Sasscer’s fiancé, Richard Zak, urged her to leave Maryland and start a bakery in Ventnor, where he lives. It was a risky move, but Sasscer had been considering the idea because she wanted to be closer to Zak.

To gauge interest among potential customers, she had been showcasing her cheesecakes at various famers markets at the Jersey Shore.

“We sold out every time,” she says. “It got me thinking that if we had a bakery, we could fill the need.”

Lisa Sasscer, owner of Sasscer's Cheesecakes, uses her mother's recipe for her popular cheesecakes.

Sasscer put her house on the market, sold it and invested nearly every dime of her savings to launch Sasscer’s Cheesecakes in Ventnor.

“It was scary,” Sasscer says, “but it was the best thing I ever did.”

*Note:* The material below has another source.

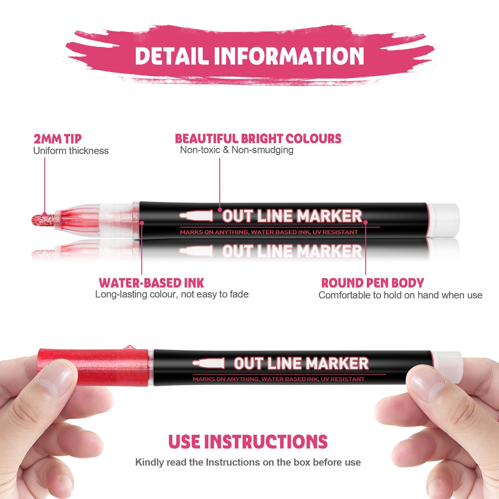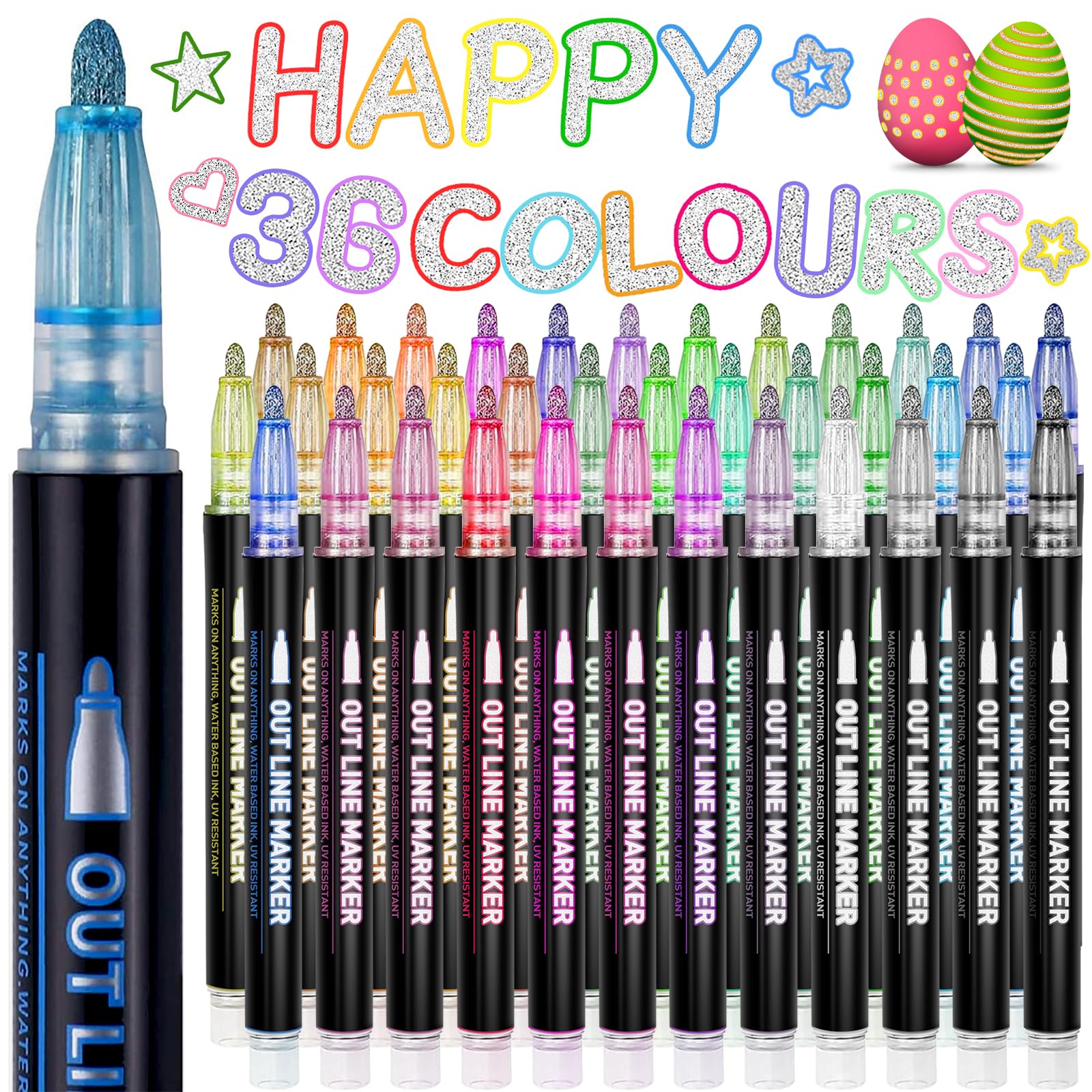 Lenski Geschenke für Mädchen, Glitzerstifte Magische Stifte Kinder Adventskalender Füllung Mädchen Geschenke 4-12 Jahre, 36 Outline Stifte Zauberstifte Metallic für Scrapbooking, Bastelset Kinder

Sasscer’s Cheesecakes, a 1,600-square-foot shop with retail and kitchen space, offers 40 different kinds of cheesecake, from plain to mocha cappuccino to apple peach cobbler to salty caramel cream — and everything in between. The cheesecakes come in three sizes: 4 inches, 6 inches and 10 inches.

The bakery also sells bread, pies, cookies, cream puffs, and cakes, as well as cupcakes that are filled with creamy cheesecake. Two bakers make the confections, and five employees decorate the baked items and handle the register.